SOURCE DATA
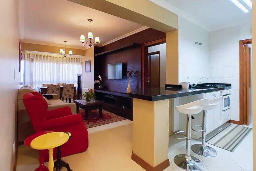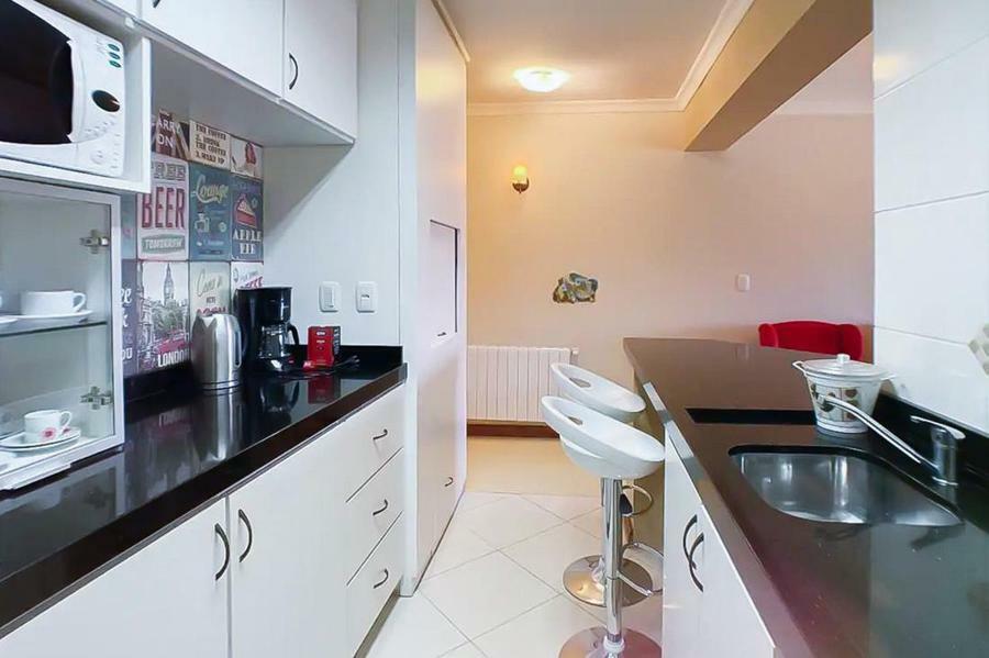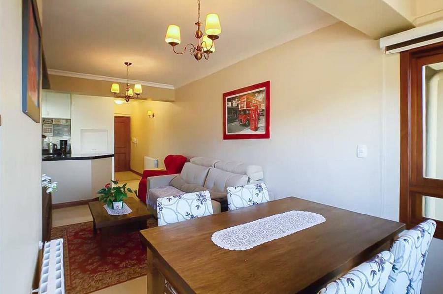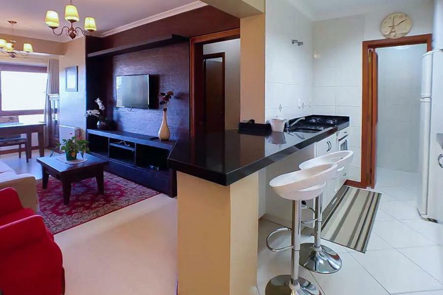 Corretor Gramado e Canela vende: Apartamento mobiliado com 1 dormitório, banheiro social, living com espera para lareira e sacada fechada integrada, cozinha americana com churrasqueira, área de serviço separada e vaga de garagem.
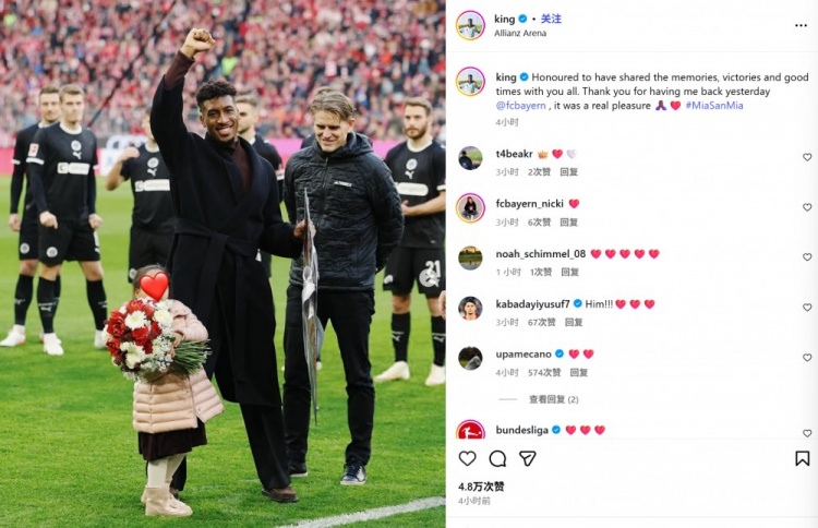 他也在今日通过社媒晒出现场照,并配文:“很荣幸能与大家分享这些回忆、胜利和美好时光。感谢拜仁慕尼黑昨天邀请我回来,我真的非常开心#MiaSanMia(拜仁座右铭:我们就是我们)”。
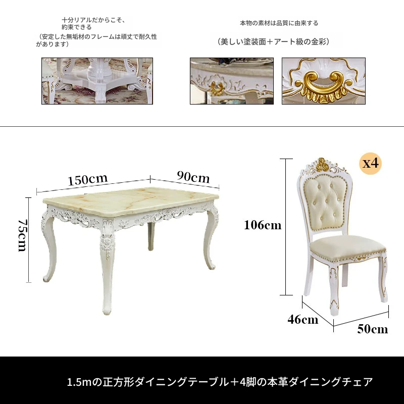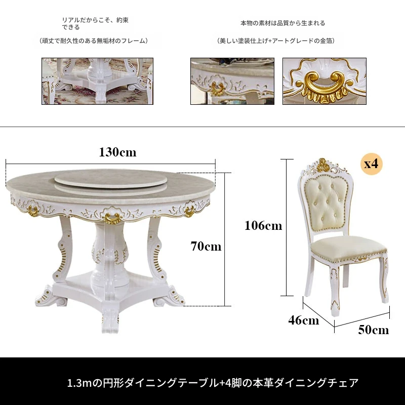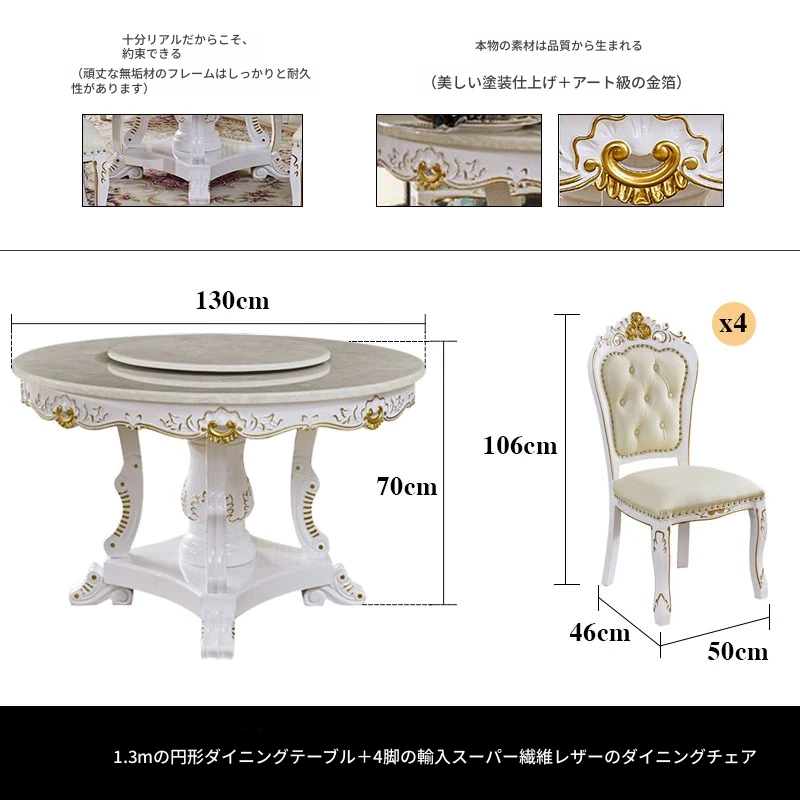 1.3メートル円形ダイニングテーブル+4脚の本革ダイニングチェア

TASK DETAILS
Your copy should match the data exactly, apart from the images, which are dropped.

WRITTEN SOLUTION
 Corretor Gramado e Canela vende: Apartamento mobiliado com 1 dormitório, banheiro social, living com espera para lareira e sacada fechada integrada, cozinha americana com churrasqueira, área de serviço separada e vaga de garagem.
 他也在今日通过社媒晒出现场照,并配文:“很荣幸能与大家分享这些回忆、胜利和美好时光。感谢拜仁慕尼黑昨天邀请我回来,我真的非常开心#MiaSanMia(拜仁座右铭:我们就是我们)”。
 1.3メートル円形ダイニングテーブル+4脚の本革ダイニングチェア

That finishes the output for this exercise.